Current studies have primarily focused on the 5-HT and NE pathways, but recent research indicates that glutamate, GABA, CRH, and oxytocin also play significant roles in the development of pain and depression. Therefore, future research could target these pathways for the development of new pharmacological agents. Key brain regions such as the ACC, mPFC, IC, and amygdala are often implicated in the comorbidity of pain and depression. However, emerging studies have also highlighted the involvement of the hypothalamus, hippocampus, lateral septal nucleus, and ventral tegmental area in this comorbidity. Thus, investigating these additional brain regions may offer new avenues for future research on the interplay between pain and depression. Furthermore, future studies investigating neuroimmune interactions and linking immunotherapy with pain may provide significant promise for the management and eventual resolution of chronic pain and its associated emotional disorders.

6. Conclusions

In this review, we comprehensively summarize the intricate neurobiological mechanisms underlying emotional disorders induced by chronic pain, highlighting the significant roles of neurotransmitter dysfunction, neural circuit remodeling, and neuroimmune processes. The evidence points to a complex interplay between altered monoaminergic, GABAergic, and glutamatergic signaling, as well as structural and functional changes in key brain regions, such as the ACC, PFC, IC, and BLA. Additionally, the involvement of neuroimmune, driven by resident immune cells, infiltrating immune cells, and inflammatory mediators, underscores the bidirectional relationship between chronic pain and emotional disturbances. Despite advances in understanding these mechanisms, current treatment approaches remain suboptimal, often failing to adequately address the coexisting emotional and physical components of chronic pain.
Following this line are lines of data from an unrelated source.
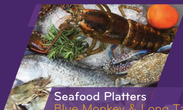
Seafood Platters Blue Monkey & Long Talay Daily 12:00 PM - 10:00 PM

Savor breathtaking panoramic views as you sample delicious cuisine from our freshly prepared BBQ Seafood Platters: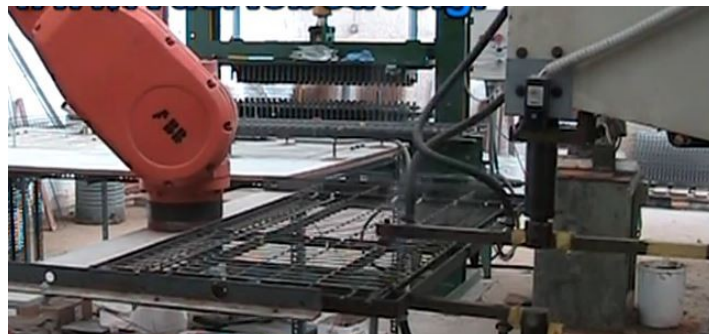
Fig 4: Welding with a Stationary Spot Welding Gun and Robot Moving Part

In this method the part is attached to the arm of the robot using a gripper so that it can be moved by the robot. Next step involves programming the robot and teaching the position of all the weld points to robots. The robot is moved to each and every weld point of the work-piece and then the co-ordinates of the weld points are taught to the robot using a teach pendant. The robot will be moving in the path exactly as it is taught. Robot moves to the weld position and the stationary welding gun will carry out the welding at the locations where it is taught.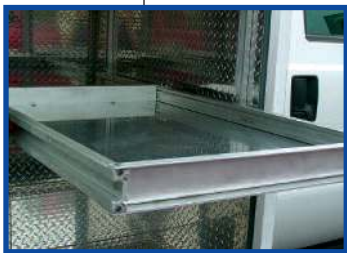
450 lb. capacity pull-out tray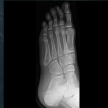
Fx Base of 5th metatarsal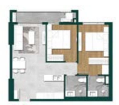
68,05 - 71,17sqm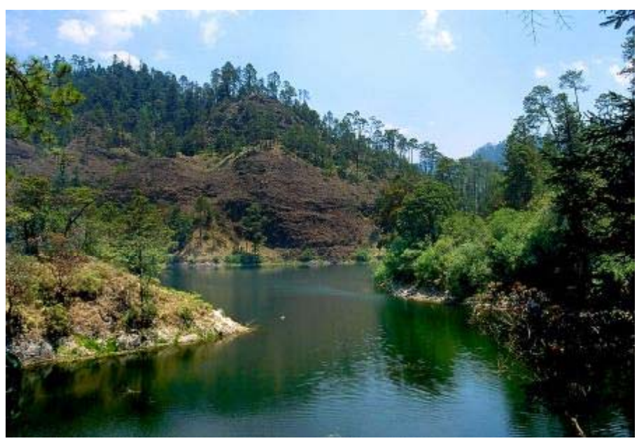
Lagunas Zempoala National Park is connected to El Tepozteco by the biological corridor.

Currently the biological quarter is threatened by changing use of soils, the sale of land, forest fires, poaching, deforestation, and the sale of earth and volcanic rocks. Owing to these things, ParksWatch classifies it as critically threatened. Though the administration of the protected area is working to obtain more human and financial resources, urgent solutions are necessary to ensure the protection and maintenance of the biodiversity. If no immediate action is taken, there is a very high risk that the protected area will fail to maintain its biological diversity in the immediate future.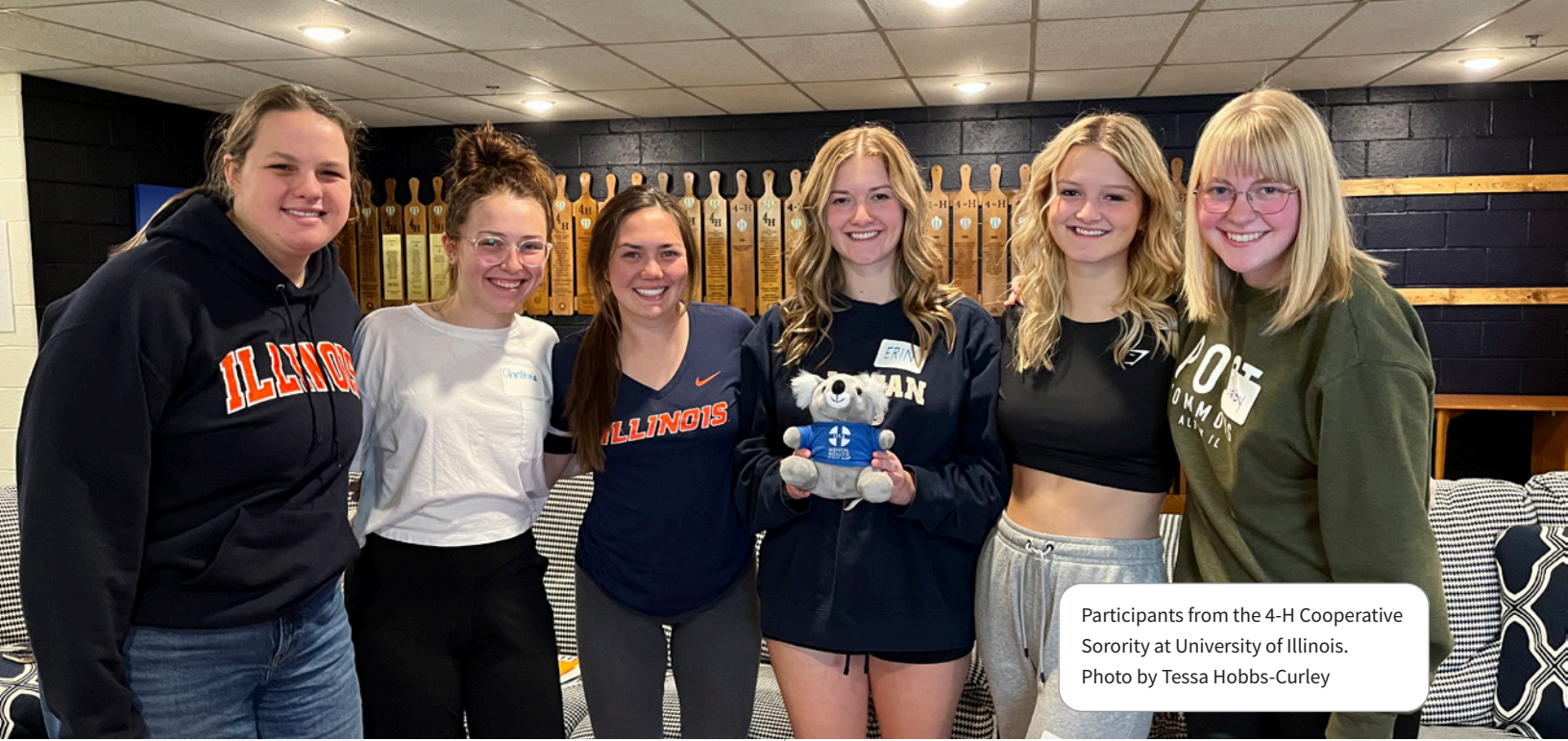
Participants from the 4-H Cooperative Sorority at University of Illinois.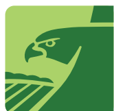
East Devon National Landscape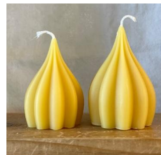
Honey Candles – Poured Candles

If you have any questions, please call (408)494-3103 or Email.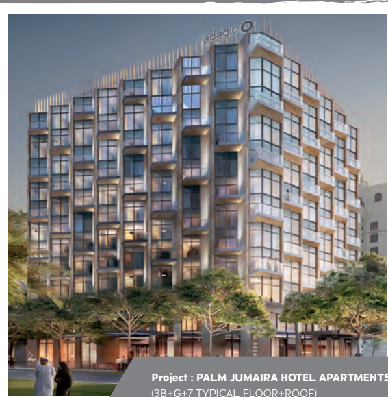
Project : PALM JUMAIRA HOTEL APARTMENTS (3B+G+7 TYPICAL FLOOR+ROOF)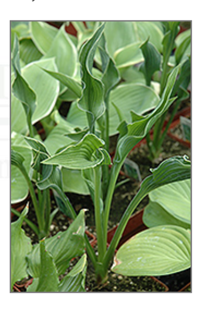
Praying Hands Hosta foliage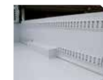
E-TRACK & ACCESSORIES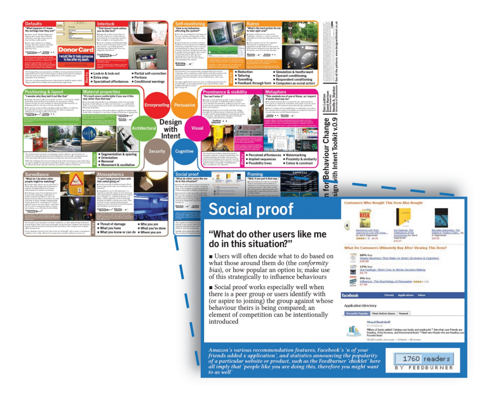
Figure 1. The 'toolkit' layout used for the inspiration mode, with a close-up of Social proof , one of the patterns.

available online as a reference for designers ( www.designwithintent.co.uk ). In prescription mode, the designer expresses the brief in terms of one of a set of 'target behaviours', each of which has particular design patterns associated with it—a more TRIZ-like approach (Altshuller 1996; Jones et al. 2001; Craig et al. 2008). The modes are demonstrated and explained in more detail in a forthcoming article (Lockton et al, in press); from the point of view of this paper, the results of applying both modes to a single brief will be aggregated.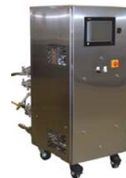
Reactor Temperature Control Systems from -85°C to +200°C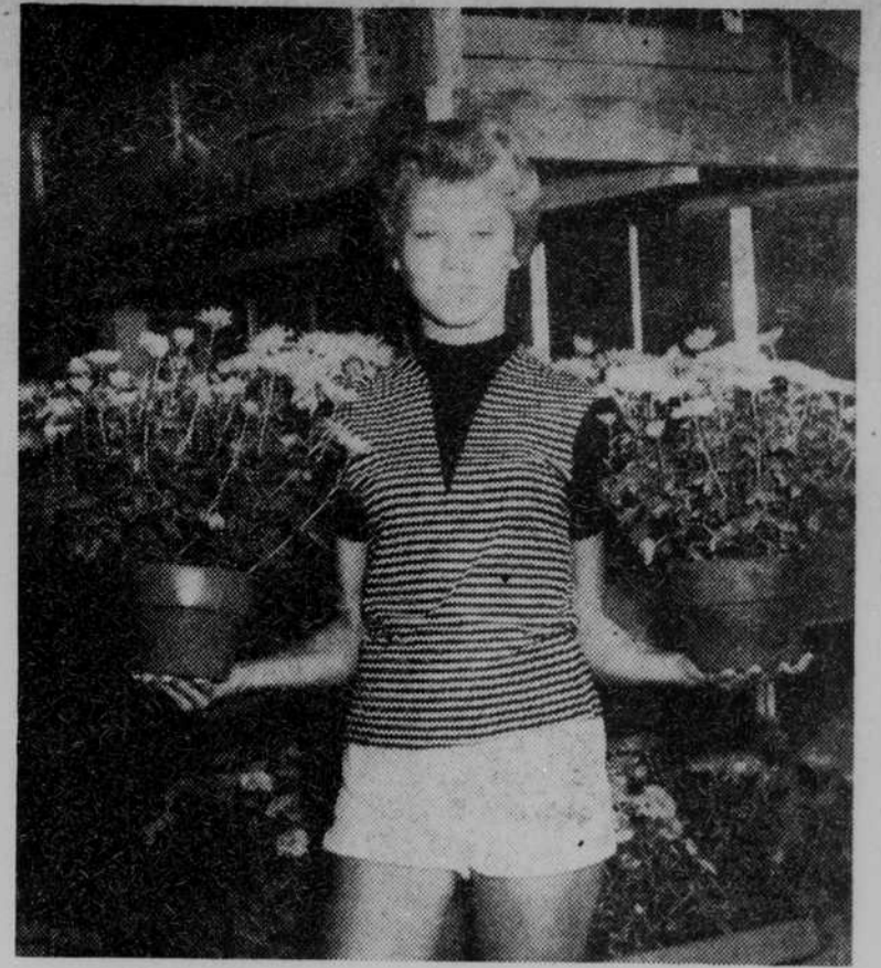
is visiting here. She is holding two of the 14 different varieties that are grown locally. At the Ft. Myers farm, some 72 varieties are produced on the 22-acre "Pom-Pom" farm. Plans call for expanding the local operation next year.

TRANSYLVANIA— The Land of Waterfalls. Mecca for Summer Camps. Entrance to Pisgah National Forest and Home of Brevard Music Festival.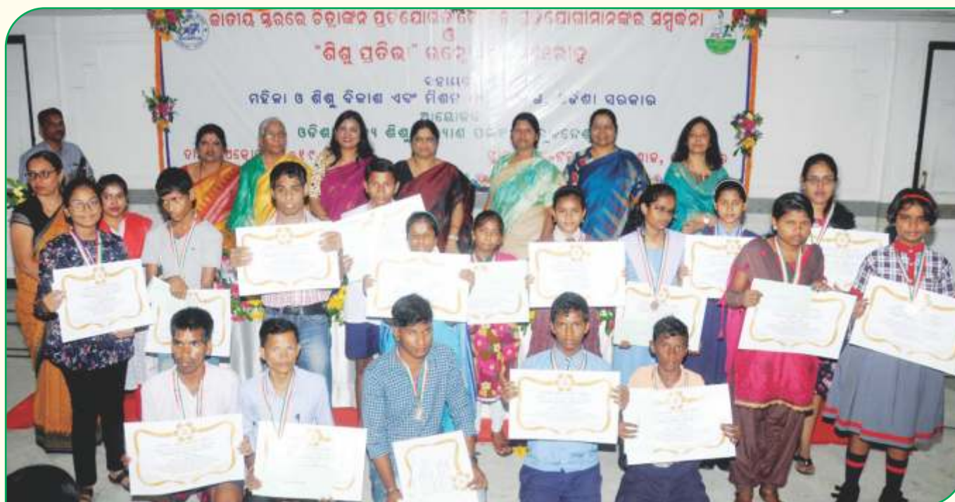
Felicitation of the winners of National Painting Competition by the Honourable Minister, W & CD and MS, Govt of Odisha in the presence of Member Secretary, OSCCW

On this occasion the prize winners of national painting competition for the year 2013, 2015, 2016 and 2017 were felicitated with medals, certificates and cash award provided by Indian Council for Child Welfare, New Delhi.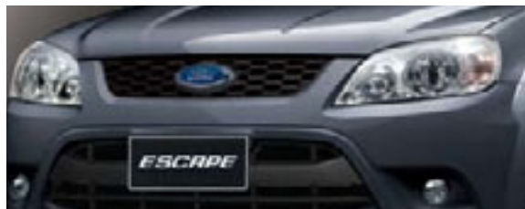
New honeycomb grille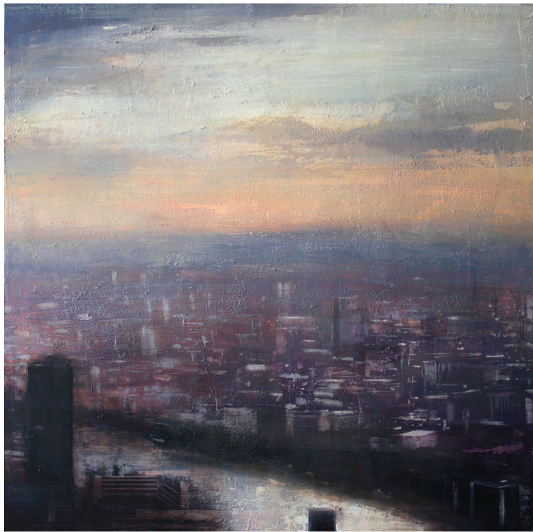
13. Last Light, London | oil on panel | 100 x 100 cm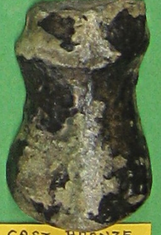
2429 CAST BRONZE POT LEG. HOSPITAL 1522. E. RH 2429 2-11-15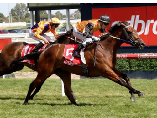
Legless Veuve (NZ) (Pins)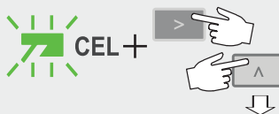
Setup menu - Cel electrodes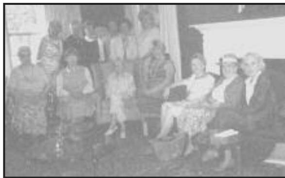
Some of the members of St. Alban's Rector's Aid:

So, please join in the Rector's Aid and support our new slate. I promise—you will be happy that you did.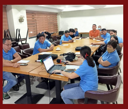
SCPC-SLPGC MMT Team conduct Q4 Results Validation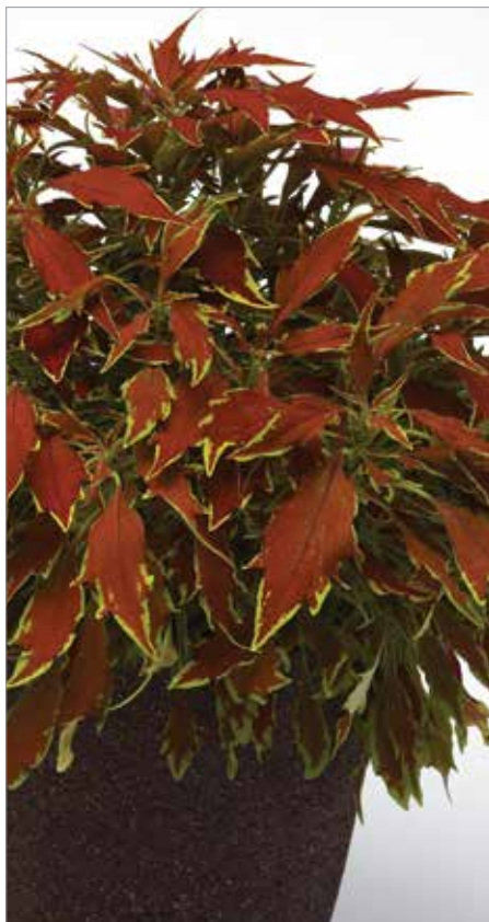
FlameThrower Cajun Spice Coleus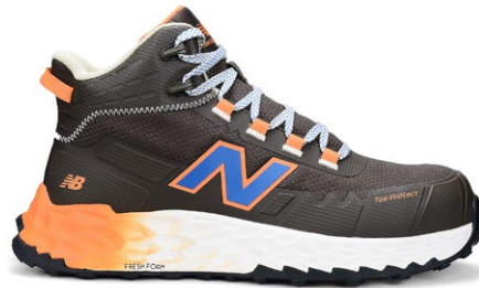
Fresh Foam Cremorne Chocolate / Orange - MEFCMCAPCO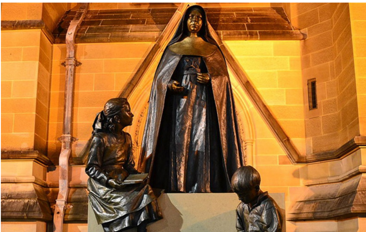
Prayer to St Mary of the Cross MacKillop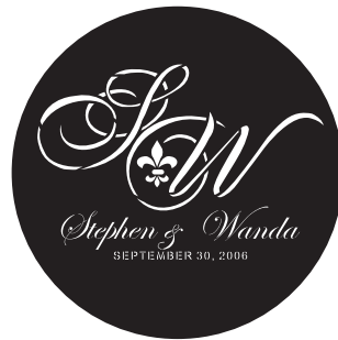
E8. Bickham Script Swash Sloop Script Edwardian Script Palace Script Arial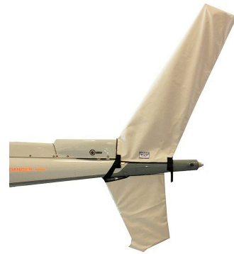
AS350B3 Vertical Stabilizers cover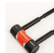
U-type SRA anti-theft lock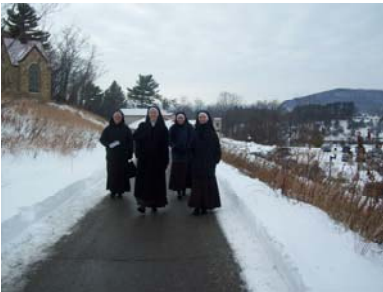
December 12, the feast of Our Lady of Guadalupe – the Sisters head up the walk to the Shrine of Our Lady of Guadalupe, La Crosse, Wisconsin.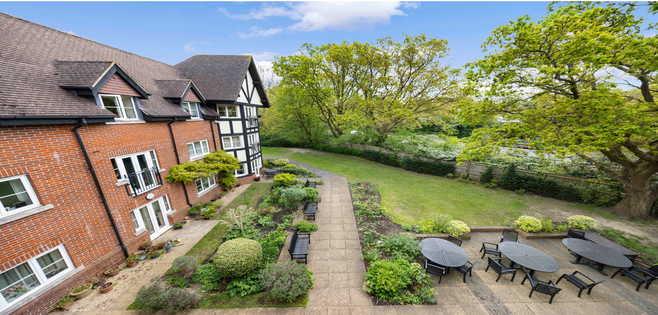
Hinchley Manor, Esher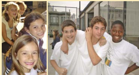
Young ideals stand tall as ever!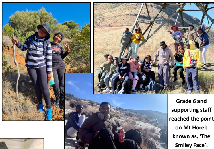
Grade 6 and supporting staff reached the point on Mt Horeb known as, 'The Smiley Face'.

The 16th of June is ' Youth Day ', a public holiday in SA. This commemorates the role young people played in the national struggle against Apartheid. Grade 6 chose to mark the day by hiking up Mt Horeb, the mountain that overlooks the school site. This is no mean achievement. They started at 1800m, the height of the town of Clarens, climbing to approximately 2400m. They also used the event to raise funds for their Grade 6 residential trip, later in the year. It was a very strenuous, character building day! Well done Grade 6!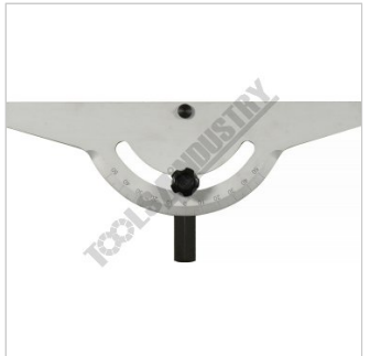
Angle Setting Gauge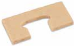
LUBE FELT/HEAD IPT 1" EU 1" FLAT F-026 | OEM: 3133026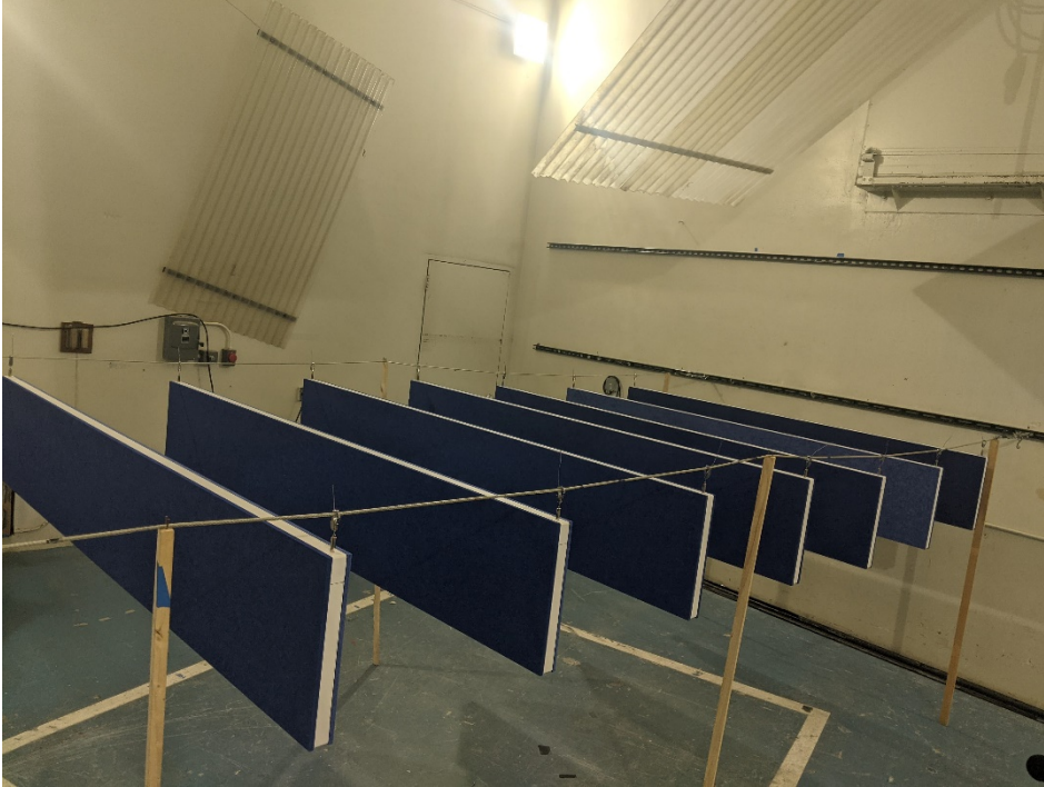
Figure 1 – Specimen mounted in test chamber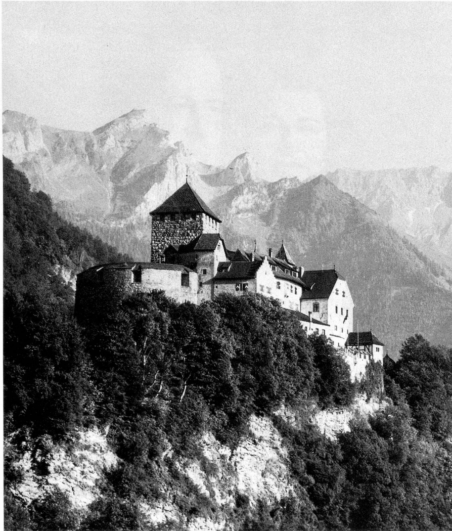
Vaduz Castle

known as the Melaun culture. The western offshoot of the Melaun culture was located in our area. It seems highly likely that ancient Rhaetia, an entity which is very difficult to define historically, was coterminous with the region in which Melaun ware is deposited. Archeological evidence exists of continuous settlement in the Liechtenstein region during the various phases of the Iron Age. The later Latène culture (c. 500–15 BC) left on the Eschnerberg, which has already frequently figured in our text, a very specific pottery recorded in the archeological textbooks as Schnell pottery. Mention must also be made of the highly significant bronze figures of Gutenberg dating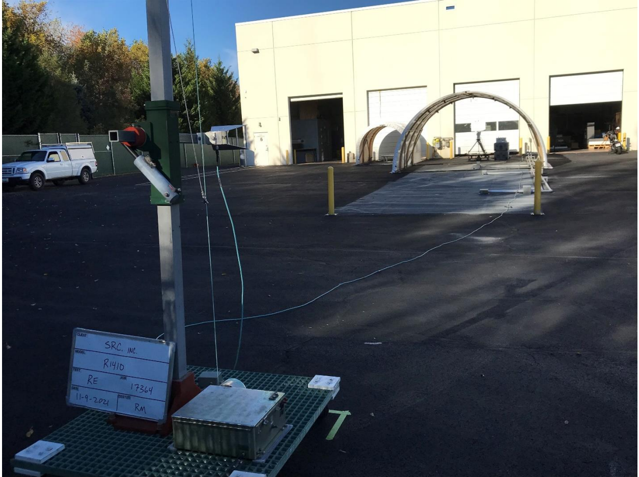
RE Front, 30m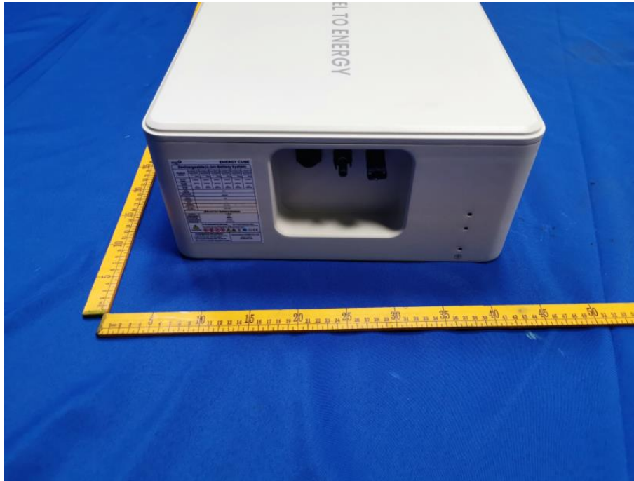
样品图片 (Sample photograph) -6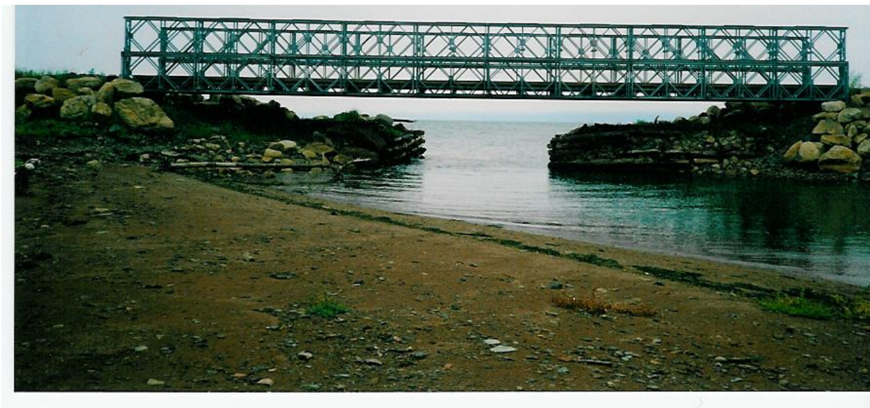
Figure 3. The bridge from the upstream beach clearly showing the pinching of the river by the bank support structures.

Future research should focus on developing more integrated and targeted therapeutic strategies that address the neurobiological underpinnings of this comorbidity. Such efforts are essential for improving patient outcomes, reducing the burden of chronic pain and its associated emotional disorders, and ultimately enhancing the quality of life for affected individuals.

Author Contributions

M.L. and Y.Y. had the idea for the review article. M.L. and K.S. drafted the manuscript. Y.Y. and F.L. critically revised the manuscript. P.Z., J.L. and Z.L. critically reviewed the manuscript for important content. All authors have read and agreed to the published version of the manuscript.

Funding

This work was supported by the National Natural Sciences Foundation of China (Nos. 81974165).

Conflicts of Interest

The authors declare that they have no competing interests.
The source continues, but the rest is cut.